Only one quest the coin had given him stood apart. A mana quest. Rare, potent. The kind that was said to unlock the deepest wells of one's strength if completed. And its objective…
[Know the Night]
That was all. No map. No guidance. No key.
He had turned the phrase over in his mind a hundred times, tried a hundred interpretations. Was it literal—an instruction to explore the hours after sunset, to chase some celestial alignment? Was it metaphorical—urging him to seek the darkness within himself? Or was it something else entirely, something only the star magic itself could reveal? He had even looked into the long exterminated House Night which was a major taboo in Duskfall. He had learned snipets nothing of importance bedsides that they were traitors to the world and the gods, heretics. Astra deep down felt that the answer to his dilemma lay with that house but what could he really do?
Yet he the more he sought answers, the more the search unmade him.
It became an obsession. He trawled libraries for forbidden archives, chasing footnotes into dead ends. He read battle reports from centuries past, tracing the patterns of wars that had no victors. And always, that same paranoid thought whispered through his mind: If someone is watching me, they will know.

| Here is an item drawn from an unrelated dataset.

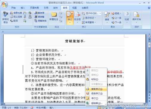 当Word文档返回来时,可以选中更改的部分,右键快捷菜单可以选择“接受”或是“拒绝”修订,接受就是保留更改,拒绝就是维持原状。
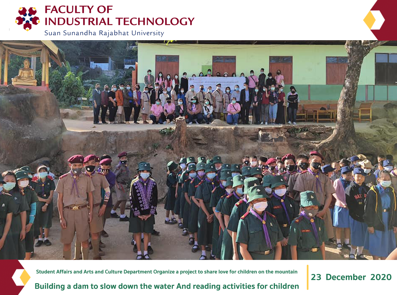 Student Affairs and Arts and Culture Department Organize a project to share love for children on the mountain And reading activities for children on 23-26 December 2020, donating necessary items to the Bon Doi School at Khun Huai Tak Pattana Suksa School Ban Mae Ya Community School And built 17 dams at Bhumibol Dam, Sam Ngao District, Tak Province, with 32 volunteers to participate in this activity. Faithful, Double A (1991) Public Company Limited, Government Pharmaceutical Organization, Lactasoy Company Limited, Boon Rawd Trading Company Limited, supports donated items to schools in the wilderness. In this activity

Star magic was not the kind of thing one could research without drawing attention. If a stranger were to notice his particular fixation, they would draw the obvious—and correct—conclusion. And then…
He didn't finish the thought.
"Maybe I'm just paranoid," he muttered, a bitter laugh escaping him. It was not the laughter of a man amused, but of one trying to keep from sinking too deep.
It drove him close to madness—having a magic so rare that it lived only in legend, and yet finding himself unable to coax even a flicker of it into being. It was like being told he carried a crown in his blood, only to find his hands too clumsy to lift it.
Deep down Astra had theories, A bastard child of some royal, a lost lineage, Perhaps even the olden eradicated house Night which was rumored to actually use star magic, alas he had no way to know, he barley had access to public records let alone historical ones of importance. The mana Network? had near nothing he could access. Which was strangely terrifying to know that the Church of Knowledge, the followers of The Eternal Keeper of Knowledge herself had decided to suppress it. Making him even more paranoid.
He sighed, gaze sweeping across his inner domain one last time. The shadows swirled lazily at the edges of his vision. The ocean lay still again, mirroring the distant constellations. And high above, the star continued to burn—bright, remote, silent.
He pressed his will back into the waking world.